# cat% Dosen



## sabato (23. Januar 2002)

Moin Leute,

kann mir jemand sagen wie ich RJ-45 Kabel an cat5 Dosen anschließ ( also doe Kabelbelegung meine ich)

Danke

MfG
sabato


----------



## Marcus Roffmann (23. Januar 2002)

http://www.hrz.uni-dortmund.de/s3/nomo/rj45.html
http://www.bsg-dornier.de/computer/hw/10baset/10baset.htm
http://www.heise.de/ct/00/18/132/bild5.gif

Das habe ich mal so auf die schnelle gefunden!


----------



## sabato (23. Januar 2002)

*Nicht die Kabel sondern die DOSEN*

Danke

die kabel hab ich schon das ist nicht das problem. aber die cat5 dosen ist das prob


----------



## Marcus Roffmann (24. Januar 2002)

Uuups, *sorry* 
Ich hoffe, ich habe diesmal die richtigen gefunden:
http://www.sielkamp.de/SielNet/eV/rj45_beleg.html
http://members.tripod.de/dg8fz/tips/Network/RJ45_Belegung.html


----------



## Daniel Wittberger (19. August 2003)

@Marcus R.

auch wenn du sabato mit dem kabel nicht geholfen hast, mir schon ! besten dank

gr33ts
Stauffenberg


----------



## Kowkase (13. Oktober 2003)

Das Einfachste aber auch fitzligste ist wenn Du einfach mal ein abgeschnittenes Netwerkkabel (natülich einen Stecker noch dran) in die Dose steckst und dann mit einer kleine Batterie einfach eine Durchflussprüfung machst. Ist zwar ein bischen russisch aber dann hast Du die genaue Belegung der Dose!


----------



## Sinac (13. Oktober 2003)

Nur so ganz am Rande:
Cat5 bezeichnet das Kabel und nicht die Dose, oder?


----------



## Kowkase (13. Oktober 2003)

Auch nicht ganz korrekt, da CAT5 den Schirmungsgrad des Kabels bezeichnet, also auch nicht das Kabel genau. Andere wiederum identifizieren dieses schwer zu definierende Medium als RJ45-Verbindung. Was ja, genaugesehen, auch nicht das Kabel, sondern der Stecker ist.


----------



## Sinac (13. Oktober 2003)

Stimmt auch wieda....
Also wäre die korrekte Fragestellung "Wie bringe ich ein Twisted Pair Kabel der Kategorie 5 an eine Dose mit RJ45 Buchse an"
Obwohl da mit der Buchse bin ich mir jetzt auch nicht sicher...

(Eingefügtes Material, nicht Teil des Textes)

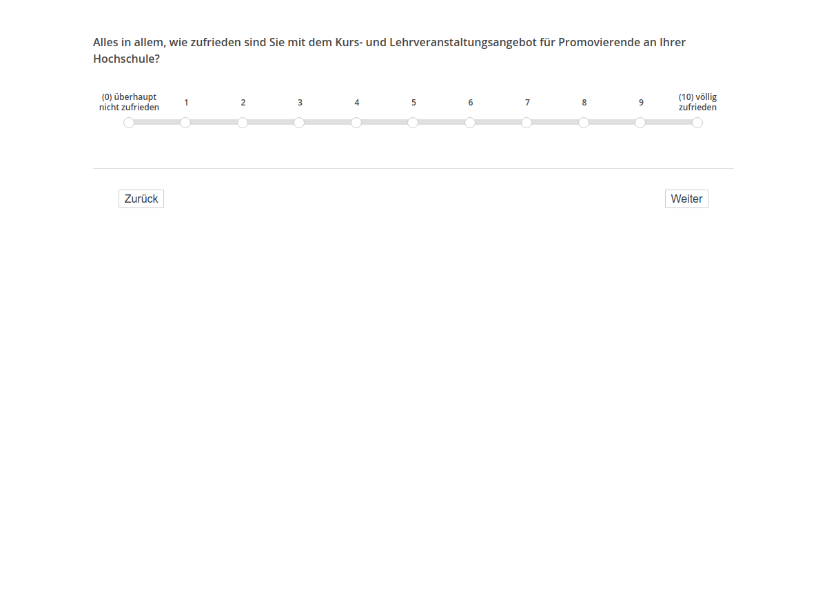 Alles in allem, wie zufrieden sind Sie mit dem Kurs- und Lehrveranstaltungsangebot für Promovierende an Ihrer Hochschule?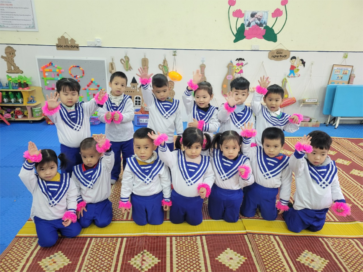 Được khoác trên mình những bộ trang phục chú bộ đội hải quân, các bạn nhỏ được hóa thân thành các cô, các chú bộ đội nhí vô cùng đáng yêu, ngộ nghĩnh, cùng hát múa những khúc ca về chú bộ đội, niềm tự hào về truyền thống anh bộ độ Cụ Hồ đang ánh lên trên trong những đôi mắt tròn xoe, thơ ngây...Đây thực sự là buổi trải nghiệm mà các bạn nhỏ vô cùng thích thú. Chính từ những hoạt động đó, đã khơi gợi trong các “Công dân nhỏ tuổi” những tình cảm và nhận thức đầu tiên về tình yêu nghề nghiệp, yêu cô chú bộ đội và yêu quê hương đất nước. Dưới đây là một số hình ảnh của chương trình "Chiến sĩ tí hon" của các bé lớp 3t1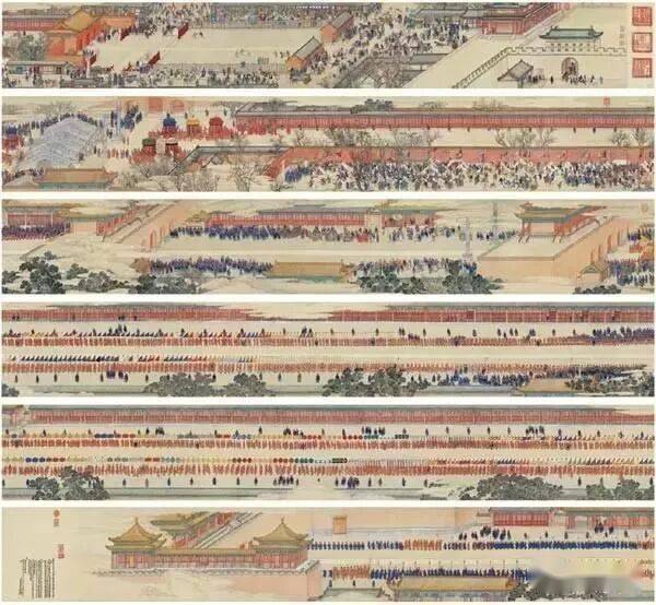 《乾隆大阅图》是清代宫廷画家郎世宁晚期作品。第四卷《行阵》是一卷长24米、宽69厘米的巨幅绢本设色手卷,图中所绘人物多达9000个,虽不及半截指长,却面貌分明、神情宛然,所绘衣饰、车马枪炮、仪仗旗鼓等十分精细。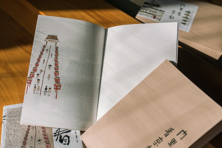 礼盒中包括 :《门里看京都》、手账两本、西阵织书衣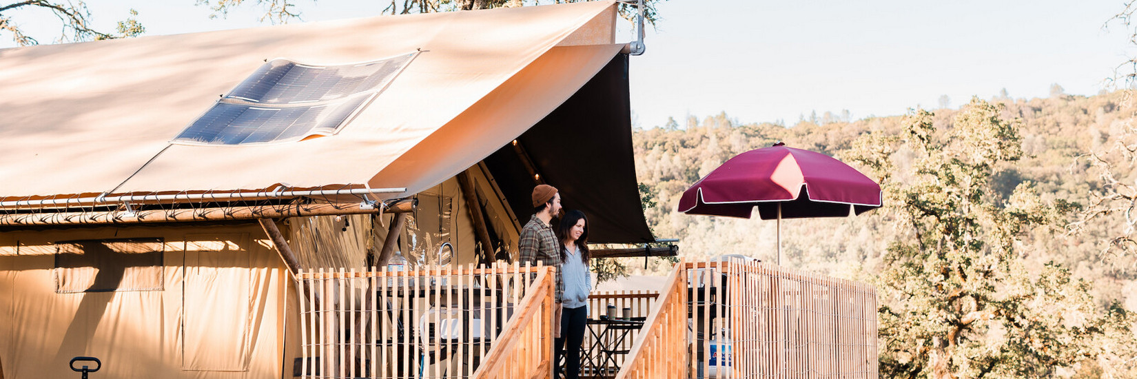 La Trappeur Duo (Zone Adultes) se situe dans un espace réservé aux adultes, pour plus de calme et de sérénité. Notre tente offre un grand espace pour deux personnes, avec un lit king, une salle de bain privée avec douche ainsi qu'une large terrasse et fonctionne exclusivement à l'électricité solaire.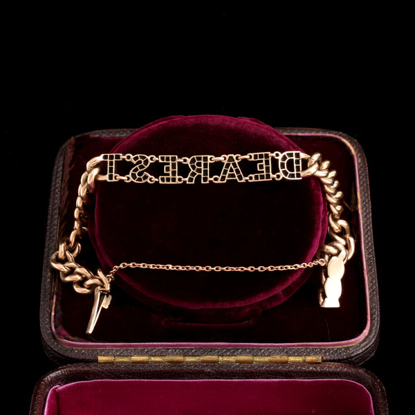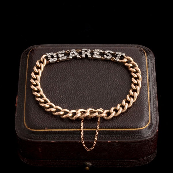 Antique jewelry collectors tend to have a soft spot for pieces that feature words, names, sentiments and places. The jewels that feature lettering rendered in enamel or engraving are stunning. An when those letters are formed by diamonds? Sublime. A grail piece, this late Victorian bracelet is modeled in silver and gold, the pet name "dearest" sparkles with a total of 60 rose cut diamonds.

naja, alle wissen was gemeint ist 

Greetz...
Sinac


----------



## Kowkase (13. Oktober 2003)

Hast Du dieses Problem immer noch, dann schicke ich Dir ne detaillierte Anleitung der "russischen Durchlaufprüfung" per mail, das würde hier dann zu albern werden.

Gruß, der Kowkase


----------